Duurzame veehouderij dankzij ‘ouderwets’ boeren
De lekkerste melk zit vol eiwit en is heerlijk smeuïg door een tikkeltje hoger gehalte aan vet. Die optimale balans is vaak ook de meest natuurlijke balans. Het moderne melkveebedrijf heeft daarvoor allerlei analyses en technologie ter beschikking. Maar het kan ook anders. CONO-boer Gerrit Wermink uit Ommen helpt de goede grassen in de wei de ongewenste planten overheersen, laat zijn koeien veel naar buiten gaan en teelt zelf mais.
Er zijn meerdere wegen die naar Rome leiden, zo luidt het spreekwoord. En dat klopt zeker als het gaat om een duurzame boerderij. ‘Duurzaam’ betekent naast bijvoorbeeld dierwelzijn en een zo laag mogelijk energieverbruik ook zo een zo laag mogelijke voetafdruk in CO2 en andere schadelijke gassen. Dat heeft Gerrit goed voor elkaar. Want hij laat zijn koeien meer dan 1.800 uur per jaar buiten grazen; dat is zo’n drie keer meer dan de officiële weidegangnorm. En hij teelt zelf het grootste gedeelte van het voer dat zijn koeien eten, namelijk vers gras, ingekuild gras en mais. Twee slimme keuzes die goed zijn voor een hoge duurzaamheidsscore. En die precies passen bij de nuchtere ondernemer: “Ik houd niet van moeilijk doen.”

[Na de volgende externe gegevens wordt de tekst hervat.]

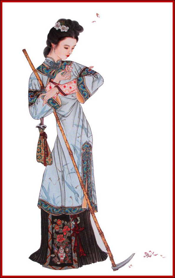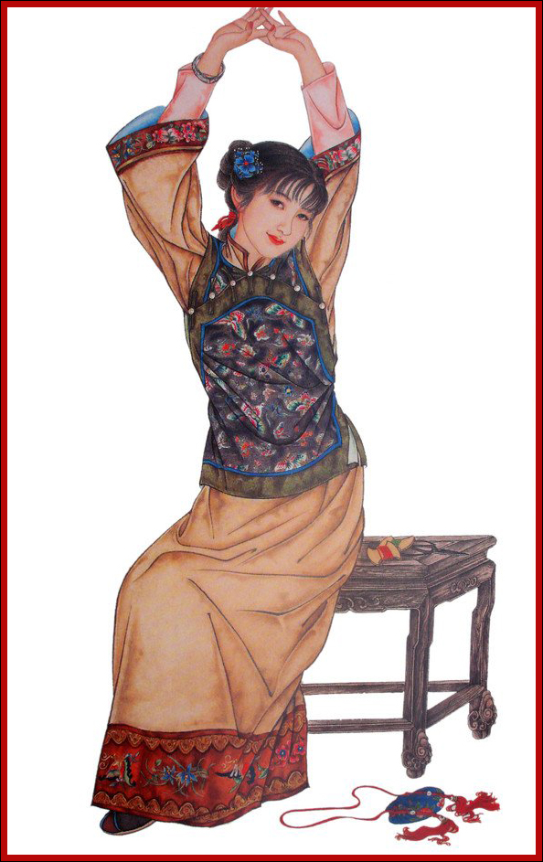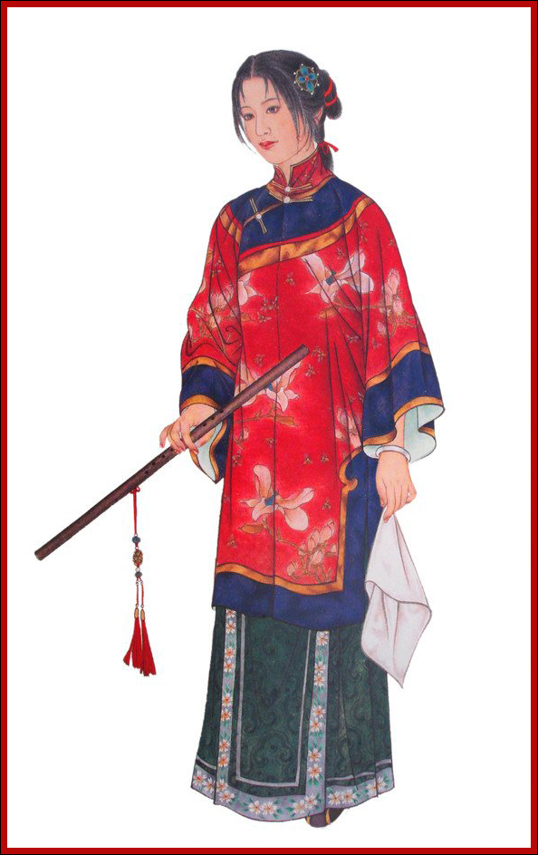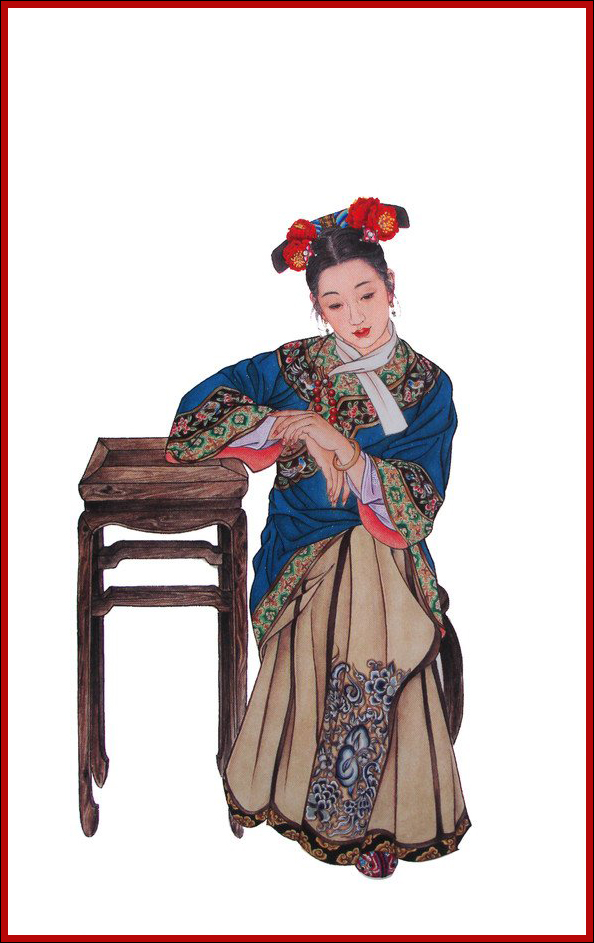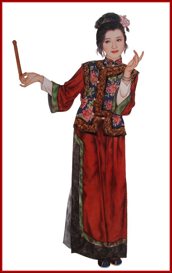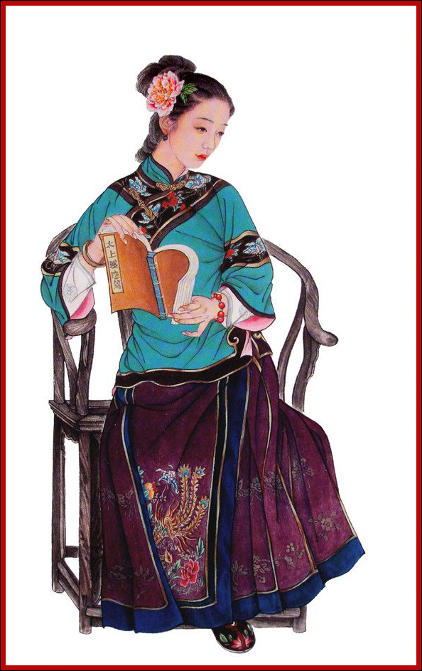 ”一般,一概不闻不问,只知道抚养亲子,闲时陪侍小姑等女红、诵读而已。她是个恪守封建礼法的贤女节妇的典型。

Met weidegang minder verliezen
Een gezonde aarde en koeien in de wei, die hebben veel met elkaar te maken. Als mest en gier, de poep en plas van een koe, bij elkaar komen, dan ontstaan er gassen waardoor een deel van de stikstof vrij komt. Als koeien ‘s winters op stal staan is dit niet te voorkomen, tenzij je mest direct gaat scheiden en verwerken. Maar Gerrit doet het dus anders. “In de wei heeft een koe de ruimte. Als een koe opstaat dan poept ze eerst, vervolgens loopt ze verder, en dan gaat ze plassen. Scheiden doet de koe dus al zelf. En door de koeien zolang mogelijk te weiden wordt automatisch de stalperiode korter. Ze zijn lekker buiten en kunnen grazen om hun vier magen vol te eten. Zo kan ik besparen op het krachtvoer.”
Mest verdunnen met water
Een gezonde aarde en het voer dat koeien eten, die twee hebben ook veel met elkaar te maken. Wat dat betreft is het namelijk net als bij mensen: al het eten dat per boot, vliegtuig of vrachtwagen van ver weg moet worden aangevoerd, is veel meer belastend voor het milieu dan de groente en het fruit dat om de hoek groeit. Boer Gerrit heeft daarom 28 hectare grasland en 6 hectare mais, waarbij hij zoveel mogelijk grondbewerkingen in eigen beheer uitvoert. Natuurlijk moet ook zijn grond bemest worden, ‘gevoed worden’ noemt hij dat liever. Maar omdat hij met het kleine aantal koeien niet veel mest heeft, past hij twee slimme oplossingen toe: hij verdunt de mest met water én legt het met behulp van gps precies bij het maiszaad in de rij. “Ons streven is om steeds minder kunstmest te gaan gebruiken met als stip op de horizon ooit op nul uit te komen.”